Supplied material:

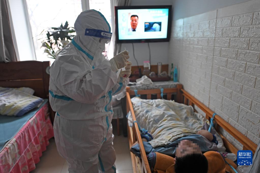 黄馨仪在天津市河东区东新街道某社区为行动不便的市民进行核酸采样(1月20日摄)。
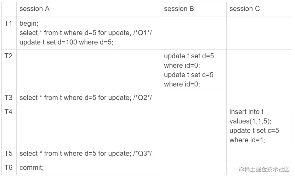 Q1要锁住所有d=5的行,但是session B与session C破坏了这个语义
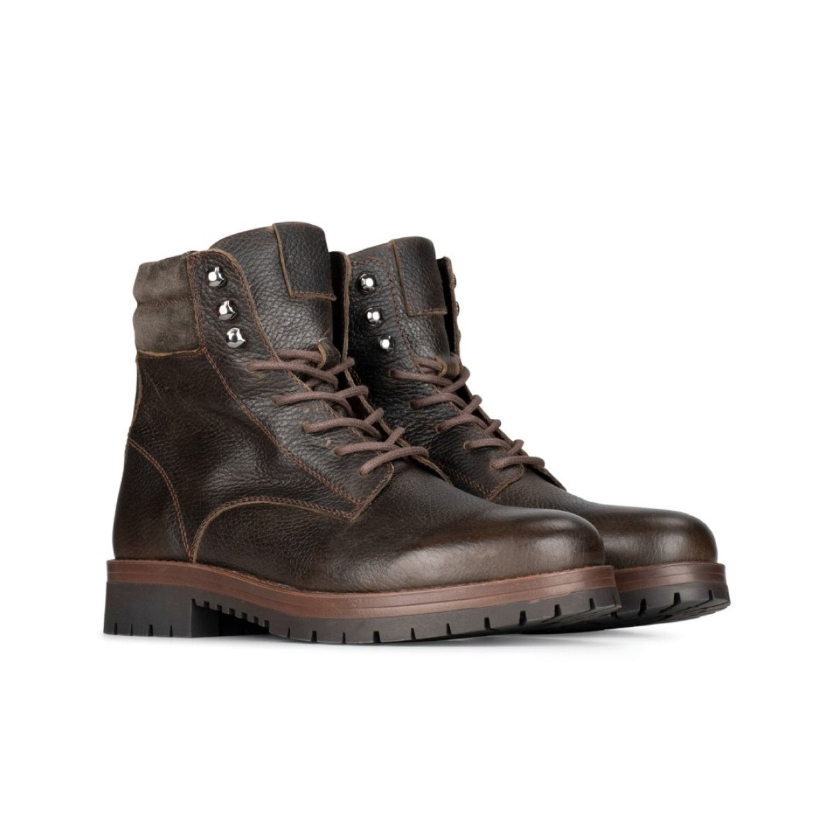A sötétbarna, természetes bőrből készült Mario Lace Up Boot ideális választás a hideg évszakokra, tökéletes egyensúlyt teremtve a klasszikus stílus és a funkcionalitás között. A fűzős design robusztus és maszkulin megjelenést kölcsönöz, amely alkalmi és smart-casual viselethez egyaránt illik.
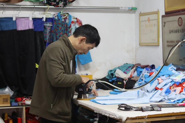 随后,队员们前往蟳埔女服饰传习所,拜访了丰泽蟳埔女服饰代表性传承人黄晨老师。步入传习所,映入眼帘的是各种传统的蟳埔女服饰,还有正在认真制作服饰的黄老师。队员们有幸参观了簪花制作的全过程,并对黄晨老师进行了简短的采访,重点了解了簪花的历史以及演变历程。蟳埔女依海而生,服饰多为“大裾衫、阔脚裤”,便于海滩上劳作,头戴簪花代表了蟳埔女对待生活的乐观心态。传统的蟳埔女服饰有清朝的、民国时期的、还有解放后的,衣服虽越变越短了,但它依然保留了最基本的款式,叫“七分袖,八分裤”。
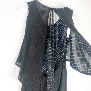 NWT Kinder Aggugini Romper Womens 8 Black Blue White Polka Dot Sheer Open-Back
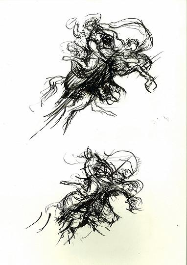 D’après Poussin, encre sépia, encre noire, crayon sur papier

What you need to do:
Retype all of the listing above exactly, but keep its pictures out.

Problem solution:
 黄馨仪在天津市河东区东新街道某社区为行动不便的市民进行核酸采样(1月20日摄)。
 Q1要锁住所有d=5的行,但是session B与session C破坏了这个语义
A sötétbarna, természetes bőrből készült Mario Lace Up Boot ideális választás a hideg évszakokra, tökéletes egyensúlyt teremtve a klasszikus stílus és a funkcionalitás között. A fűzős design robusztus és maszkulin megjelenést kölcsönöz, amely alkalmi és smart-casual viselethez egyaránt illik.
 随后,队员们前往蟳埔女服饰传习所,拜访了丰泽蟳埔女服饰代表性传承人黄晨老师。步入传习所,映入眼帘的是各种传统的蟳埔女服饰,还有正在认真制作服饰的黄老师。队员们有幸参观了簪花制作的全过程,并对黄晨老师进行了简短的采访,重点了解了簪花的历史以及演变历程。蟳埔女依海而生,服饰多为“大裾衫、阔脚裤”,便于海滩上劳作,头戴簪花代表了蟳埔女对待生活的乐观心态。传统的蟳埔女服饰有清朝的、民国时期的、还有解放后的,衣服虽越变越短了,但它依然保留了最基本的款式,叫“七分袖,八分裤”。
 NWT Kinder Aggugini Romper Womens 8 Black Blue White Polka Dot Sheer Open-Back
 D’après Poussin, encre sépia, encre noire, crayon sur papier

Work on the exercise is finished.